“We were so grateful on more than one occasion that Rennie Grove is there for patients and their families 24 hours a day. We had to get in touch with the night team to get some over-the-phone advice on Dad’s medication and another time the nurses visited when Mum needed help. It is these times that you realise what an incredible service Rennie Grove offers – they are always there for you no matter what time – day or night.”
“My Dad – Arthur Hilling – was a much-loved World War 2 veteran who was well known in Holmer Green, the village where he and my Mum lived.
“In February 2016 he was diagnosed with throat, lung and kidney cancer and to say that my Mum Pamela, my sister Sue, me (his son Dave) and the rest of the family were devastated, is an understatement.

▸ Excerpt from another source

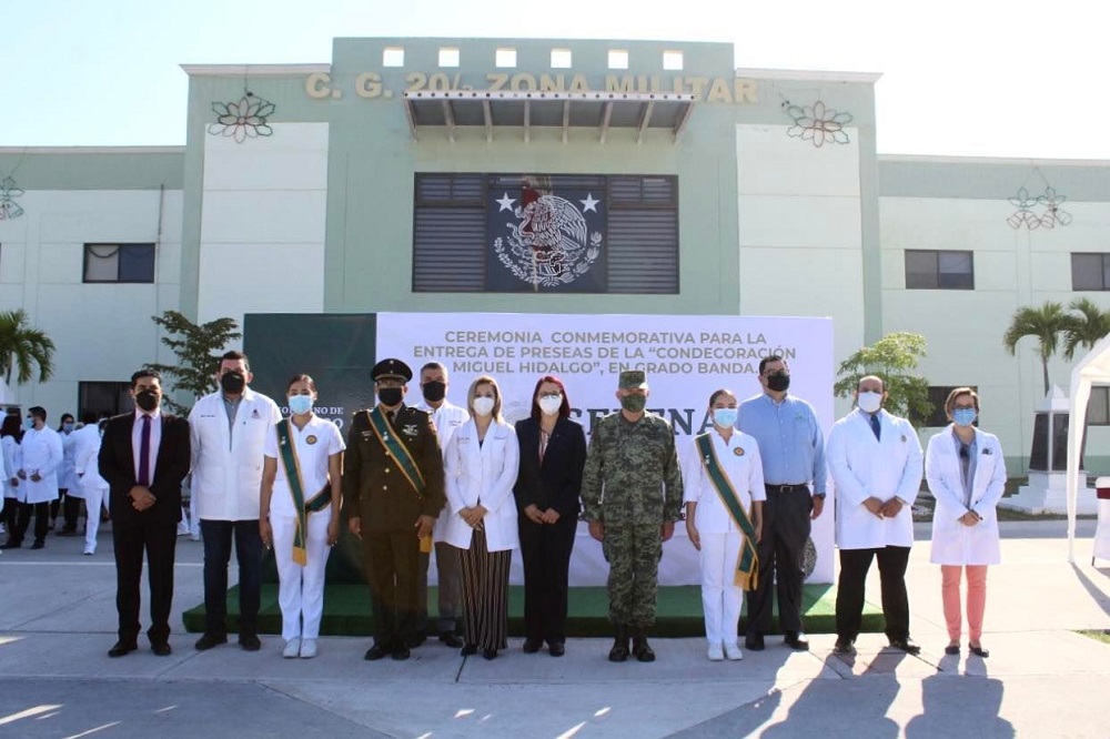 La ceremonia de entrega de preseas de esta Condecoración se realizó en las instalaciones de la 20 Zona Militar, en donde la titular de la Secretaría de Salud, Martha Janeth Espinosa Mejía, el General de Brigada D.E.M. Héctor Manuel Valles colocaron la Presea “Miguel Hidalgo” en grado banda al Mayor Médico Militar Clodoaldo Nario Arismendi y a las enfermeras Dalia Libier Figueroa Méndez y Grisel Rodríguez Aguirre.

“When Dad asked how long he had got the doctor said months not years to which Dad responded “Well I would have liked longer but we all have to go at some stage”. Dad didn’t want any treatment and fought the cancer with as much effort as his mind and body could muster. It was a very dark time for our family and we felt alone and in a place we had been lucky enough never to have been before.
“Rennie Grove Hospice Care came into our lives just a few days after Dad’s diagnosis. We were put in touch with the charity via our GP and our first meeting was with a nurse called Emma who was a great comfort to us all and especially to Mum who was relieved to know that nursing help was at hand. Simply by coming to our family home and talking to us about Dad’s condition and explaining the support Rennie Grove could provide to Dad and to us, his family, made a big difference straight away.
“Emma and her colleague Barbara became part of the team that helped Dad manage his condition so that he – and we – could achieve some great things despite his illness. For instance just seven weeks after his diagnosis Dad celebrated his 90th birthday with all his family and friends which was an unforgettable event.
“He also managed to attend the annual Grenadier Guards day at Aldershot in July were he spent ten minutes talking to Prince Philip where Dad reminded him that he was part of the guard of honour at his wedding to the then Princess Elizabeth, back in 1947. Most importantly of all, with the help and support of the Rennie Grove team, Dad and Mum were together to celebrate their 61st wedding anniversary in August.
“The regular visits Dad received from Emma and Barbara were quite remarkable. Before they arrived Dad would often be quiet and down. But that all changed when they walked in the room and we would suddenly get our Dad back. He would chat and joke with them, telling them that there was nothing wrong with him and that he didn’t know what all the fuss was about!
“Personally I was taken aback by the level of care and understanding that the nurses provided, how well they listened to us and were very respectful towards us as individuals and of Dad’s situation. They were such skilled communicators: able to help us talk about this most serious situation and to respond to our questions – ones that no-one would ever want to have to ask – in the most tactful and sensitive manner, using language that we all understood and involving us in all decisions about Dad’s care.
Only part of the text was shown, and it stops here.